● Goal of the exercise
Print every entry exactly once more, omitting each picture.

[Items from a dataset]
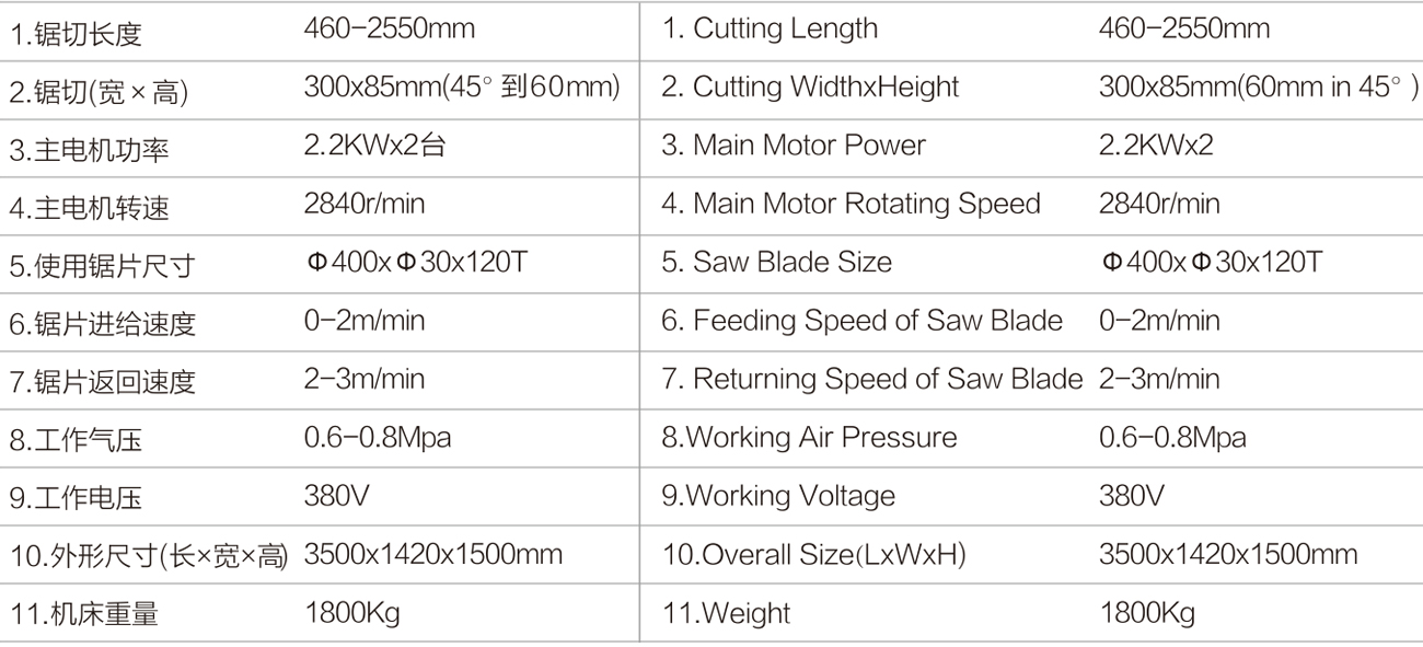 Mainly application to cut solar aluminum profile. High quality carbide saw blade gives accurate processing and high endurance, the max. outside diameter up to 400mm, high linear speed, high precision machining. When the machine working, the saw blade of both heads can cut profiles simultaneously or separately. The saw blade can be set at the angle of 90°~45°. The machine is equiped with Japanese Panasonic CNC system, computer touch screen and original package German ELGO magnetic grating ruler feedback system, which to achieve the high positioning accuracy. The repeat positioning accuracy can up to + / - 0.1mm.
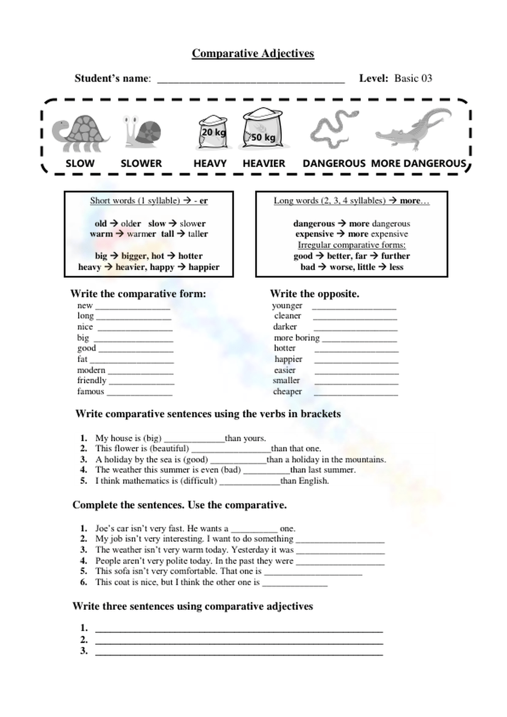 Pdf online worksheet: Comparative adjectives Live Worksheets
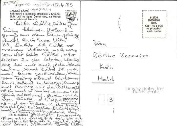old postcard Janske Lazne postalisch gelaufen Erhaltung siehe scans
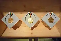 The gold medals of Jean-Claude Killy during the exhibition celebrating the fiftieth anniversary of the Games at the Musée dauphinois.
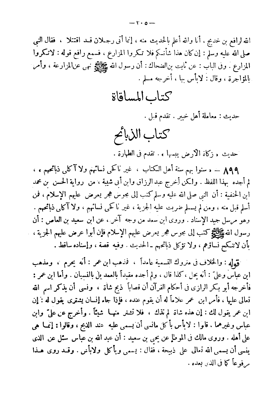 899 - سنوا بهم سنة اهل الْكتاب غير ناكحي نِسَائِهِم وَلَا آكِلِي ذَبَائِحهم لم أَجِدهُ بِهَذَا اللَّفْظ وَلَكِن أخرج عبد الرَّزَّاق وَابْن ابي شيبَة من رِوَايَة الْحسن بن مُحَمَّد ابْن الحنيفة أَن النَّبِي صَلَّى اللَّهُ عَلَيْهِ وَسَلَّم َ كتب إِلَى مجوس هجر يعرض عَلَيْهِم الْإِسْلَام فَمن اسْلَمْ قبل مِنْهُ وَمن لم يسلم ضربت عَلَيْهِ الْجِزْيَة غير ناكحي نِسَائِهِم ولاآكلي ذَبَائِحهم وَهُوَ مُرْسل جيد الْإِسْنَاد وَرَوَى ابْن سعد من وَجه آخر عَن ابْن سعيد بن الْعَاصِ أَن رَسُول الله صَلَّى اللَّهُ عَلَيْهِ وَسَلَّم َ كتب إِلَى مجوس هجر يعرض عَلَيْهِم الْإِسْلَام فَإِن أَبَوا عرض عَلَيْهِم الْجِزْيَة بِأَن لاتنكح نِسَاؤُهُم وَلَا تُؤْكَل ذَبَائِحهم الحَدِيث وَفِيه قصَّة وَإِسْنَاده سَاقِط
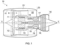 Technical Solution: Mitsubishi Heavy Industries has developed advanced thermal barrier coating systems for gas turbines featuring yttria-stabilized zirconia (YSZ) with 6-8% yttria content as the primary ceramic material. Their proprietary TBC systems utilize both air plasma spray (APS) and electron beam physical vapor deposition (EB-PVD) techniques, with the latter producing columnar microstructures that enhance strain tolerance during thermal cycling. MHI's TBC systems typically consist of a MCrAlY bond coat (150-250 μm thick) applied via low-pressure plasma spray (LPPS) or high-velocity oxygen fuel (HVOF) methods, followed by a ceramic top coat ranging from 200-500 μm in thickness. Their coatings comply with JIS H8304 standards for thermal spray coatings and ASTM C633 for adhesion strength testing, consistently achieving bond strengths exceeding 25 MPa. MHI has also developed specialized TBC formulations incorporating lanthanum zirconate and gadolinium zirconate for enhanced CMAS resistance, with thermal conductivity values as low as 0.9-1.3 W/m·K at operating temperatures. These advanced TBCs meet Japanese Industrial Safety and Health Law requirements and conform to ISO 13123 specifications for thermal spray process parameters. MHI's coating systems undergo rigorous thermal cycling testing (>1000 cycles at 1100°C) and erosion resistance evaluation per ASTM G76 standards.
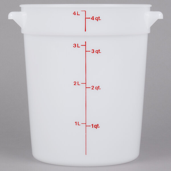 Exceedingly versatile in both size and design, this container is perfect for portioning and storing all your ingredients, toppings, and pre-prepared foods. Simply pair with a compatible lid (sold separately) to keep your foods fresh. Its solid white color makes the container easy to spot in a crowded refrigerator or dry storage room, while a 4 qt. capacity provides users with the perfect storage amount for extra servings of your favorite recipes!
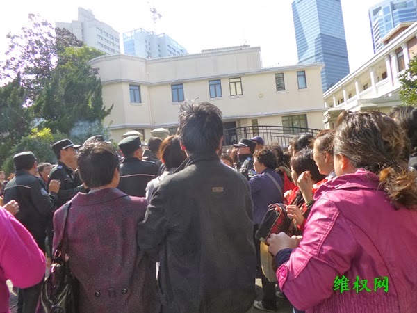 (维权网信息员子夕报道)28日下午,数十名上海维权代表到位于江苏路888号长宁区党校,要求中央督导组调查沈勇死因真相。代表之一的孔令珍表示自己看见被警察打死的沈勇浑身是伤,10多个警察从党校里冲出来,将她按倒在地抓走,后来获悉她已被行政拘留。
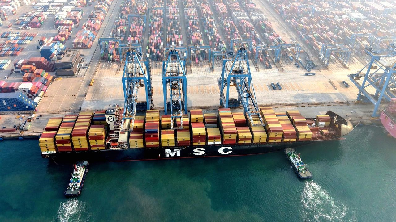 A container ship sails through the harbor in Qingdao in eastern China’s Shandong province, on Nov. 30, 2025. Credit: AP/Uncredited
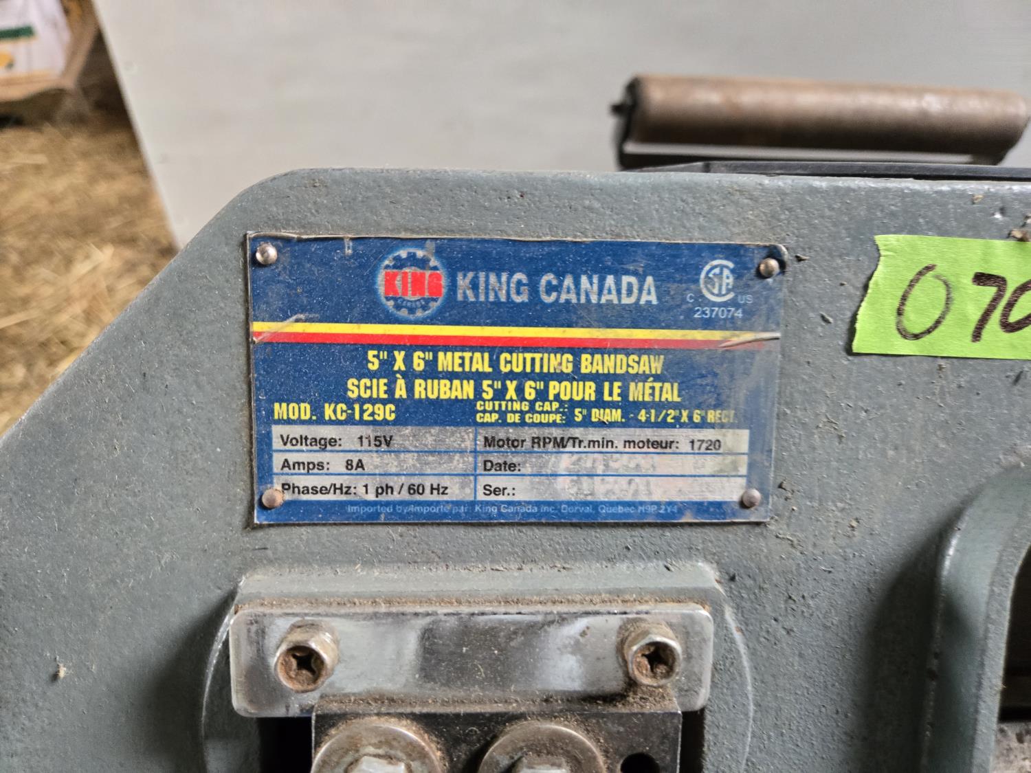 5755 King Canada 5 Inch X 6 Inch Metal Cutting Band Saw & Adjustable Roller Stand
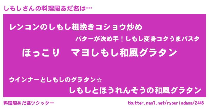 | 男性向けラノベタイトル風あだ名 | 『この素晴らしい世界にしもしを!』 |
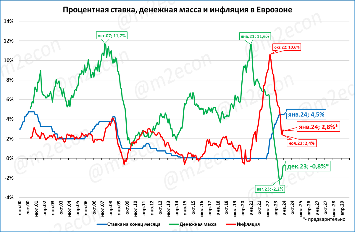 За 2023 год денежная масса в Еврозоне сократилась чисто символически, на 0,8%.
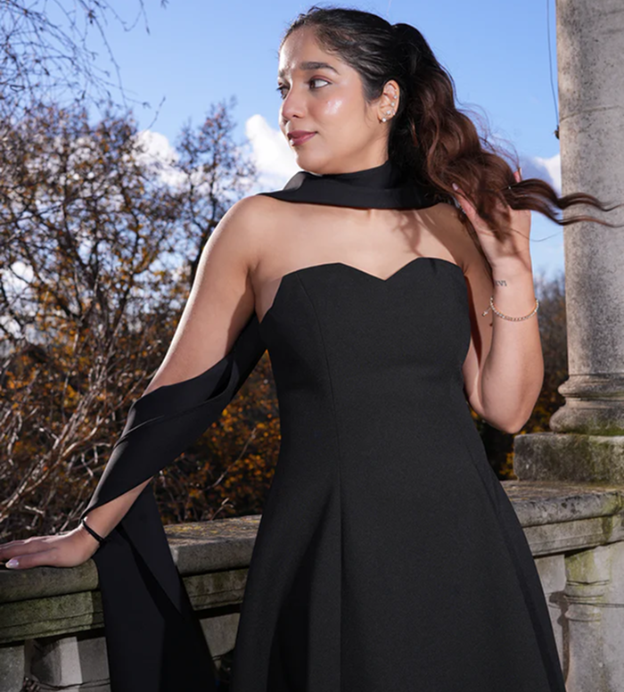 At the heart of our brand is a commitment to modern elegance and thoughtful design. We craft pieces that blend contemporary silhouettes with culturally inspired details—creating clothing that feels both timeless and distinctly personal. Our signature approach pairs refined structure with fluid artistry, much like our black midi dress featuring a sculpted sweetheart neckline and a dramatic dupatta-inspired scarf detail.
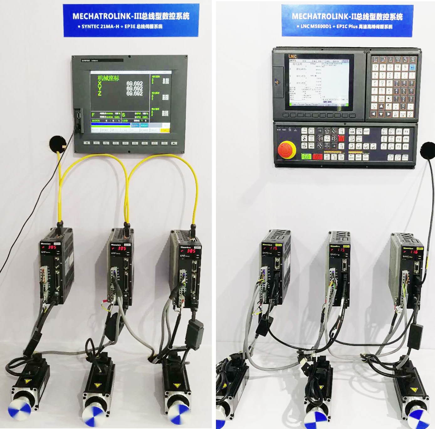 ▲ 左圖:MECHATROLINK-Ⅲ總線(xiàn)型數(shù)控系統(tǒng)(SYNTEC 21MA-H + EP3E總線(xiàn)伺服系統(tǒng)),右圖:MECHATROLINK-Ⅱ總線(xiàn)型數(shù)控系統(tǒng)(LNC M5800D1 + EP1C Plus高速高精伺服系統(tǒng))
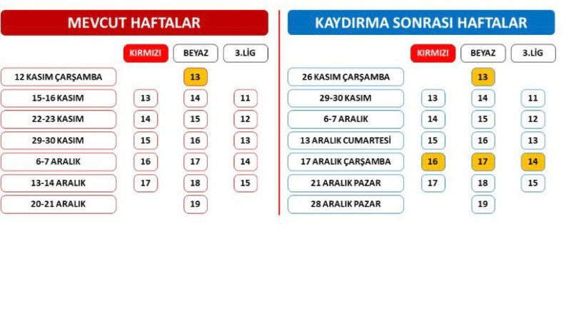 TFF’nin yeni takvimine göre, söz konusu müsabaka 26 Kasım Çarşamba günü aynı saatte oynanacak.
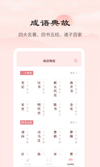 分类浏览:可以按描写季节、心情、天气、人物,出自名人、名著等方式来查看成语。这种创新的分类方式打破了传统词典按首字母排序的局限,让用户能够从不同维度探索成语世界。比如想找描写春天的成语,直接点击相应分类即可快速获取。
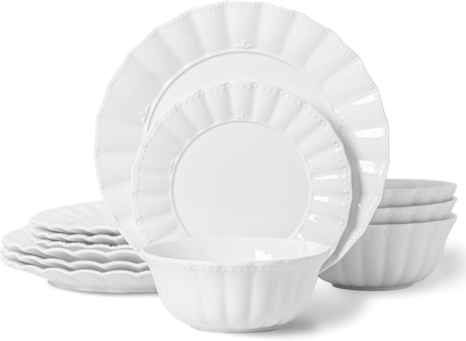 Plates and Bowls Sets, 12 Piece Dinnerware Sets Bone China, Porcelain Dinner Set with Cereal Bowls, Ceramic Soup Bowls, for Pasta, Salad, Gift Idea, Wavy Pattern

● Worked solution
 Mainly application to cut solar aluminum profile. High quality carbide saw blade gives accurate processing and high endurance, the max. outside diameter up to 400mm, high linear speed, high precision machining. When the machine working, the saw blade of both heads can cut profiles simultaneously or separately. The saw blade can be set at the angle of 90°~45°. The machine is equiped with Japanese Panasonic CNC system, computer touch screen and original package German ELGO magnetic grating ruler feedback system, which to achieve the high positioning accuracy. The repeat positioning accuracy can up to + / - 0.1mm.
 Pdf online worksheet: Comparative adjectives Live Worksheets
old postcard Janske Lazne postalisch gelaufen Erhaltung siehe scans
 The gold medals of Jean-Claude Killy during the exhibition celebrating the fiftieth anniversary of the Games at the Musée dauphinois.
 899 - سنوا بهم سنة اهل الْكتاب غير ناكحي نِسَائِهِم وَلَا آكِلِي ذَبَائِحهم لم أَجِدهُ بِهَذَا اللَّفْظ وَلَكِن أخرج عبد الرَّزَّاق وَابْن ابي شيبَة من رِوَايَة الْحسن بن مُحَمَّد ابْن الحنيفة أَن النَّبِي صَلَّى اللَّهُ عَلَيْهِ وَسَلَّم َ كتب إِلَى مجوس هجر يعرض عَلَيْهِم الْإِسْلَام فَمن اسْلَمْ قبل مِنْهُ وَمن لم يسلم ضربت عَلَيْهِ الْجِزْيَة غير ناكحي نِسَائِهِم ولاآكلي ذَبَائِحهم وَهُوَ مُرْسل جيد الْإِسْنَاد وَرَوَى ابْن سعد من وَجه آخر عَن ابْن سعيد بن الْعَاصِ أَن رَسُول الله صَلَّى اللَّهُ عَلَيْهِ وَسَلَّم َ كتب إِلَى مجوس هجر يعرض عَلَيْهِم الْإِسْلَام فَإِن أَبَوا عرض عَلَيْهِم الْجِزْيَة بِأَن لاتنكح نِسَاؤُهُم وَلَا تُؤْكَل ذَبَائِحهم الحَدِيث وَفِيه قصَّة وَإِسْنَاده سَاقِط
 Technical Solution: Mitsubishi Heavy Industries has developed advanced thermal barrier coating systems for gas turbines featuring yttria-stabilized zirconia (YSZ) with 6-8% yttria content as the primary ceramic material. Their proprietary TBC systems utilize both air plasma spray (APS) and electron beam physical vapor deposition (EB-PVD) techniques, with the latter producing columnar microstructures that enhance strain tolerance during thermal cycling. MHI's TBC systems typically consist of a MCrAlY bond coat (150-250 μm thick) applied via low-pressure plasma spray (LPPS) or high-velocity oxygen fuel (HVOF) methods, followed by a ceramic top coat ranging from 200-500 μm in thickness. Their coatings comply with JIS H8304 standards for thermal spray coatings and ASTM C633 for adhesion strength testing, consistently achieving bond strengths exceeding 25 MPa. MHI has also developed specialized TBC formulations incorporating lanthanum zirconate and gadolinium zirconate for enhanced CMAS resistance, with thermal conductivity values as low as 0.9-1.3 W/m·K at operating temperatures. These advanced TBCs meet Japanese Industrial Safety and Health Law requirements and conform to ISO 13123 specifications for thermal spray process parameters. MHI's coating systems undergo rigorous thermal cycling testing (>1000 cycles at 1100°C) and erosion resistance evaluation per ASTM G76 standards.
 Exceedingly versatile in both size and design, this container is perfect for portioning and storing all your ingredients, toppings, and pre-prepared foods. Simply pair with a compatible lid (sold separately) to keep your foods fresh. Its solid white color makes the container easy to spot in a crowded refrigerator or dry storage room, while a 4 qt. capacity provides users with the perfect storage amount for extra servings of your favorite recipes!
 (维权网信息员子夕报道)28日下午,数十名上海维权代表到位于江苏路888号长宁区党校,要求中央督导组调查沈勇死因真相。代表之一的孔令珍表示自己看见被警察打死的沈勇浑身是伤,10多个警察从党校里冲出来,将她按倒在地抓走,后来获悉她已被行政拘留。
 A container ship sails through the harbor in Qingdao in eastern China’s Shandong province, on Nov. 30, 2025. Credit: AP/Uncredited
 5755 King Canada 5 Inch X 6 Inch Metal Cutting Band Saw & Adjustable Roller Stand
 | 男性向けラノベタイトル風あだ名 | 『この素晴らしい世界にしもしを!』 |
 За 2023 год денежная масса в Еврозоне сократилась чисто символически, на 0,8%.
 At the heart of our brand is a commitment to modern elegance and thoughtful design. We craft pieces that blend contemporary silhouettes with culturally inspired details—creating clothing that feels both timeless and distinctly personal. Our signature approach pairs refined structure with fluid artistry, much like our black midi dress featuring a sculpted sweetheart neckline and a dramatic dupatta-inspired scarf detail.
 ▲ 左圖:MECHATROLINK-Ⅲ總線(xiàn)型數(shù)控系統(tǒng)(SYNTEC 21MA-H + EP3E總線(xiàn)伺服系統(tǒng)),右圖:MECHATROLINK-Ⅱ總線(xiàn)型數(shù)控系統(tǒng)(LNC M5800D1 + EP1C Plus高速高精伺服系統(tǒng))
 TFF’nin yeni takvimine göre, söz konusu müsabaka 26 Kasım Çarşamba günü aynı saatte oynanacak.
 分类浏览:可以按描写季节、心情、天气、人物,出自名人、名著等方式来查看成语。这种创新的分类方式打破了传统词典按首字母排序的局限,让用户能够从不同维度探索成语世界。比如想找描写春天的成语,直接点击相应分类即可快速获取。
 Plates and Bowls Sets, 12 Piece Dinnerware Sets Bone China, Porcelain Dinner Set with Cereal Bowls, Ceramic Soup Bowls, for Pasta, Salad, Gift Idea, Wavy Pattern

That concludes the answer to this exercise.